■ ACTIVITY
The whole listing below should be retyped exactly, without any images.
** DATA BELOW follows **
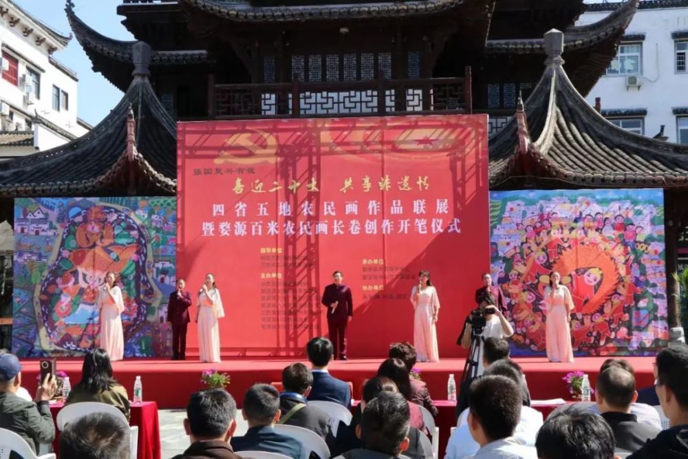 10.“喜迎二十大 共享非遗情”——四省五地农民画作品联展暨婺源农民画百米长卷创作开笔仪式在婺源展出。
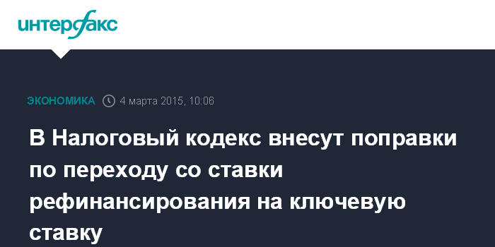 В Налоговый кодекс внесут поправки по переходу со ставки рефинансирования на ключевую ставку
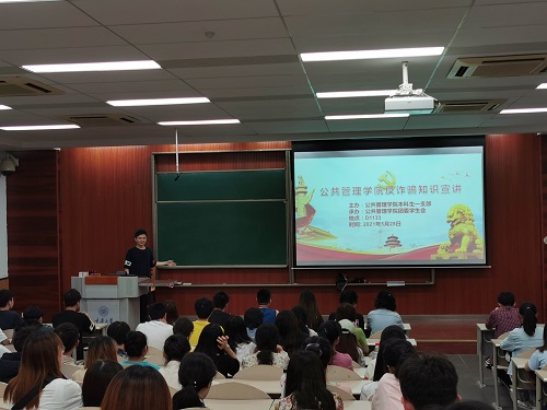 2021-06-17为提高师生识诈防骗的意识和能力,切实维护师生财产安全和校园安全,2021年6月1日下午15时,学院本科生一支部师生代表在重庆城市管理职业学院参加“全民反诈 守护校园”系列主题发布活动启动仪式。本次活动由支部书记组织,支部李珊珊老师带队,18级党员杨青林及19级管理类全体预备党员到场参加,认真聆听。“全民反诈 守护校园”系列主题发布活动启动仪式由市教委、市委宣传部、市委网信办、市公安局、市人力社保局联合主办,...
** End of DATA BELOW **
■ REPLY
 10.“喜迎二十大 共享非遗情”——四省五地农民画作品联展暨婺源农民画百米长卷创作开笔仪式在婺源展出。
 В Налоговый кодекс внесут поправки по переходу со ставки рефинансирования на ключевую ставку
 2021-06-17为提高师生识诈防骗的意识和能力,切实维护师生财产安全和校园安全,2021年6月1日下午15时,学院本科生一支部师生代表在重庆城市管理职业学院参加“全民反诈 守护校园”系列主题发布活动启动仪式。本次活动由支部书记组织,支部李珊珊老师带队,18级党员杨青林及19级管理类全体预备党员到场参加,认真聆听。“全民反诈 守护校园”系列主题发布活动启动仪式由市教委、市委宣传部、市委网信办、市公安局、市人力社保局联合主办,...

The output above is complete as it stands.